1966: 33 catches for 490 yards and 7 touchdowns.

NFL career
He played for the National Football League's Baltimore Colts as a wide receiver from 1967 to 1971, initially under coach Don Shula.  Perkins caught a 68-yard touchdown pass from Johnny Unitas in the 1970 AFC Championship Game to lead the Colts to a 27–17 victory over the Oakland Raiders and a berth in Super Bowl V. Perkins went on to win a Super Bowl ring after the Colts beat the Dallas Cowboys in Super Bowl V.

Coaching career
Perkins coached in the NFL as an assistant for the New England Patriots (1974–1977) and San Diego Chargers (1978) before becoming head coach of the New York Giants from 1979 to 1982. Although he only had one winning season, he helped build the team that his successor, Bill Parcells, won two Super Bowls with in 1986 and 1990.  Perkins hired future NFL head coaches Parcells, Bill Belichick and Romeo Crennel as young assistants, and was the first NFL coach for future Most Valuable Player and Hall of Fame linebacker Lawrence Taylor and future Super Bowl Most Valuable Player Phil Simms.

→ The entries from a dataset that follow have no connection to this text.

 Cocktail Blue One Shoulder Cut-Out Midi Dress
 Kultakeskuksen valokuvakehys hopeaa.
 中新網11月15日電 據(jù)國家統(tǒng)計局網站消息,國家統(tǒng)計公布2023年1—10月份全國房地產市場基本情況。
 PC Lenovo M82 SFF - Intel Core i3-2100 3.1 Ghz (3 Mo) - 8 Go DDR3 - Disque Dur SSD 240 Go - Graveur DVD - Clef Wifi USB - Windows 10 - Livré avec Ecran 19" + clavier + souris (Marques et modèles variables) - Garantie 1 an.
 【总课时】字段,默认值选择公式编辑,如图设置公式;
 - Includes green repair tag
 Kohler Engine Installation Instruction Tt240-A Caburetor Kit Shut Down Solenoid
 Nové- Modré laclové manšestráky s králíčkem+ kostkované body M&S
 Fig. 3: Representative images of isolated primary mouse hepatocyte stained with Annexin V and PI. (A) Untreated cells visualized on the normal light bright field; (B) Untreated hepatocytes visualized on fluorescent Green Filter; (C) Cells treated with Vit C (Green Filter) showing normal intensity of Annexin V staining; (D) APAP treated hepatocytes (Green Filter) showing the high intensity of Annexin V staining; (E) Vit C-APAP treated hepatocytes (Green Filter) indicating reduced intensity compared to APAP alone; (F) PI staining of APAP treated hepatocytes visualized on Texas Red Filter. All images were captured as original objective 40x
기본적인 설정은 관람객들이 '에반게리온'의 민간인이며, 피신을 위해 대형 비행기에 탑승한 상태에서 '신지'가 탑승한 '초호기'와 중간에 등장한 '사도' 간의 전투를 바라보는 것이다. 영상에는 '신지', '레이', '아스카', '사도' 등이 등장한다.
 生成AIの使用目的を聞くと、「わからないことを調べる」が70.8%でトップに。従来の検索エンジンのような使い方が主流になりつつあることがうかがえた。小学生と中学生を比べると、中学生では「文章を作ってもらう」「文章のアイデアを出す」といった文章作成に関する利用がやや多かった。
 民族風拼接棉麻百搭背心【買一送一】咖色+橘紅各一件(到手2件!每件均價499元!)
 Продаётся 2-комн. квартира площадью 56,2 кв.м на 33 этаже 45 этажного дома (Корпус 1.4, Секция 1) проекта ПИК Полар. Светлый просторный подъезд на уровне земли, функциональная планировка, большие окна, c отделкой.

When Bryant retired after the 1982 season, Perkins took on the daunting task of succeeding him at Alabama. He coached the Crimson Tide for four years from 1983 to 1986, compiling a record of 32–15–1. However, he went 5–6 in 1984, the school's first losing season since 1957, the year before Bryant's tenure began. Although he won three bowl games during his tenure, it was far short of what Alabama fans had come to expect. Increasing pressure from boosters and alumni at Alabama made Perkins receptive to a lucrative contract offer from the Tampa Bay Buccaneers after the 1986 Alabama season.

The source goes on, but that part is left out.